VISI.NEWS | BANDUNG – Apakah makanan manis bisa bikin kita bahagia? Jawabannya tidak selalu demikian. Menurut dr. Nadhira Nuraini Afifa, MPH, seorang dokter dan edukator kesehatan, terlalu banyak konsumsi gula justru bisa berdampak negatif pada suasana hati.
Alih-alih merasa lebih segar dan senang, “sugar rush” dari makanan manis bisa berujung pada rasa lelah dan bahkan perasaan murung. Hal ini ia sampaikan dalam acara Guardiancares di Jakarta, Selasa (15/7/2025).
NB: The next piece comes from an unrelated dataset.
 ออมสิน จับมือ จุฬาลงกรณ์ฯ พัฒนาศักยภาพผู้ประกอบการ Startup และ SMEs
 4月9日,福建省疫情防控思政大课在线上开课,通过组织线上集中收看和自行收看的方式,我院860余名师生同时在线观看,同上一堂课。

Bukan hanya soal rasa kenyang atau enak, makanan yang kita konsumsi punya peran penting dalam menjaga kesehatan mental. Asupan seimbang yang terdiri dari karbohidrat, protein, lemak sehat, serta sayur dan buah sangat membantu menjaga emosi tetap stabil.
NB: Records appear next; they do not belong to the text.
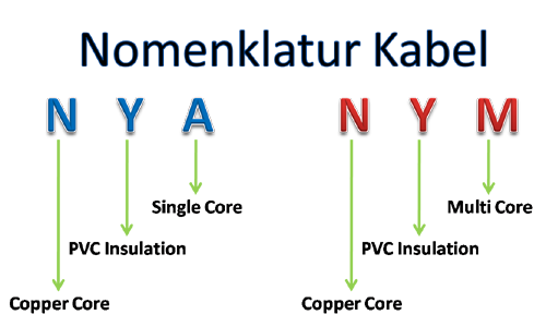 Contohnya seperti NYA 1 x 1,5mm² atau NYM 2 x 1,5mm²
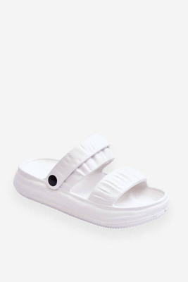 Módne dámske papuče na masívnej platforme Białe Lorette
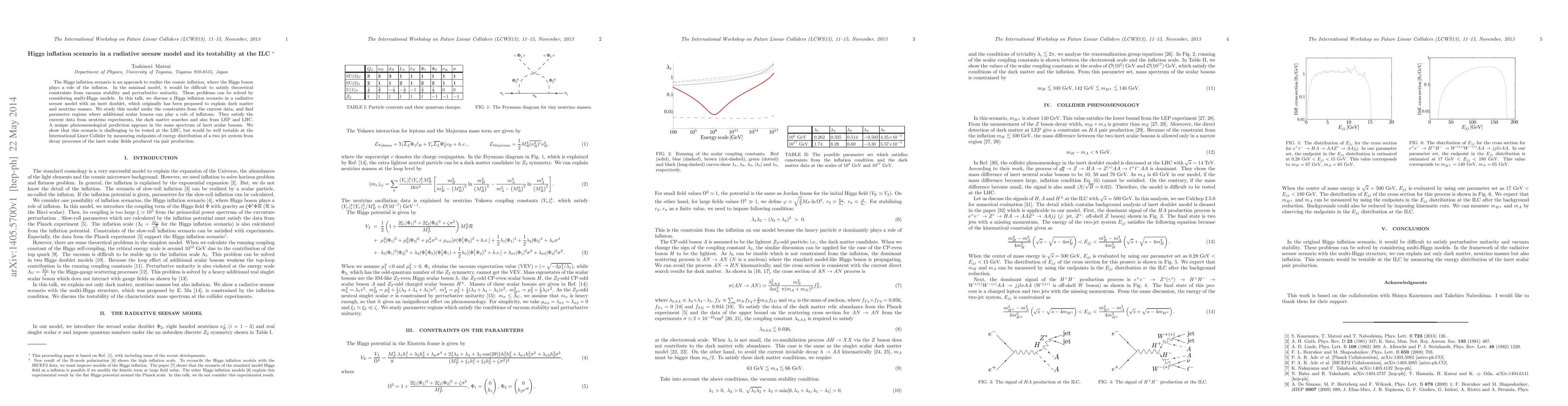 The Higgs inflation scenario is an approach to realize the cosmic inflation, where the Higgs boson plays a role of the inflaton. In the minimal model, it would be difficult to satisfy theoretical constraints from vacuum stability and perturbative unitarity. These problems can be solved by considering multi-Higgs models. In this talk, we discuss a Higgs inflation scenario in a radiative seesaw model with an inert doublet, which originally has been proposed to explain dark matter and neutrino masses. We study this model under the constraints from the current data, and find parameter regions where additional scalar bosons can play a role of inflatons. They satisfy the current data from neutrino experiments, the dark matter searches and also from LEP and LHC. A unique phenomenological prediction appears in the mass spectrum of inert scalar bosons. We show that this scenario is challenging to be tested at the LHC, but would be well testable at the International Liner Collider by measuring endpoints of energy distribution of a two jet system from decay processes of the inert scalar fields produced via pair production.

Salah satu alasannya adalah keberadaan serotonin, zat kimia otak yang mengatur suasana hati, yang 95%-nya diproduksi di saluran cerna. Saluran cerna ini dilapisi oleh jutaan sel saraf dan sangat dipengaruhi oleh bakteri baik.
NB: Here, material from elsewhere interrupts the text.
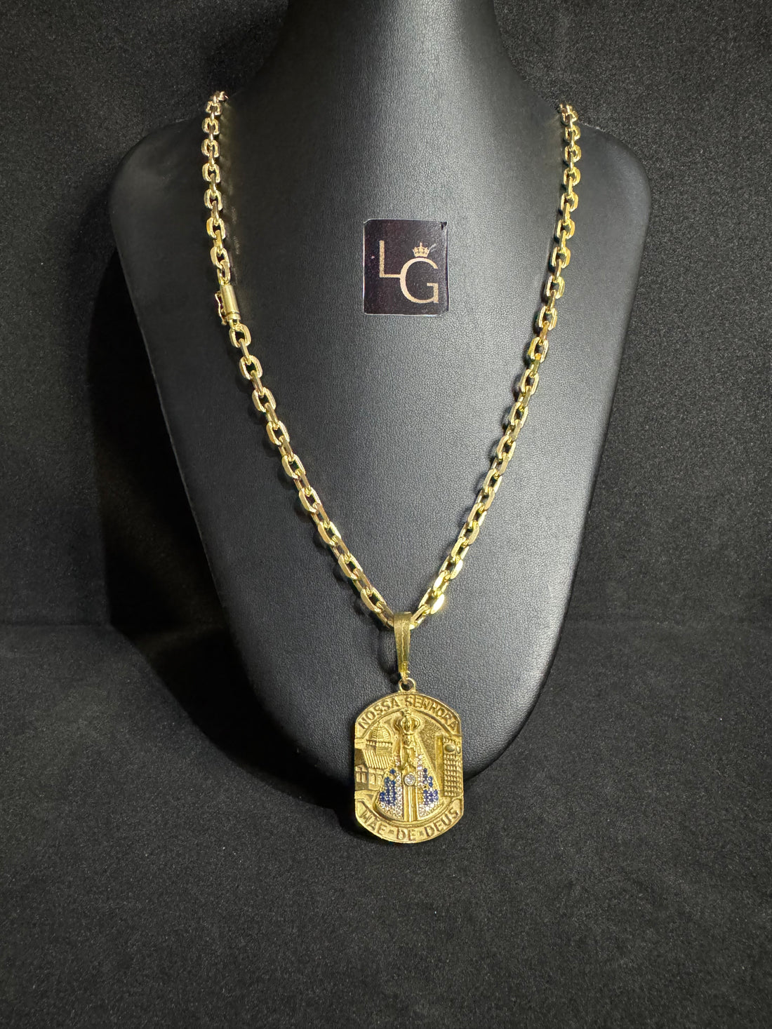 Cordão Cadeado quina 5mm -Nossa Senhora Aparecida Mãe de Deus

Bakteri baik inilah yang membantu tubuh menyerap nutrisi, melindungi usus, dan mengaktifkan jalur komunikasi antara otak dan perut yang turut memengaruhi emosi dan pikiran kita.
Studi menunjukkan bahwa mereka yang menjalani pola makan tradisional seperti diet Mediterania atau Jepang yang tinggi sayuran, buah, ikan, dan rendah makanan olahan—memiliki risiko depresi 25–35% lebih rendah dibanding mereka yang mengadopsi pola makan ala Barat yang tinggi gula dan makanan olahan.
Pola makan yang tidak sehat sejak kecil dapat berdampak pada suasana hati anak. Oleh karena itu, penting bagi orangtua untuk membiasakan anak makan makanan bergizi dan menjadi contoh pola makan sehat.
Kesimpulannya, menjaga pola makan bukan hanya untuk tubuh tetap bugar, tapi juga demi kesehatan mental. Jadi, mulai dari sekarang, bijaklah memilih asupan agar mood tetap positif dan hidup terasa lebih ringan.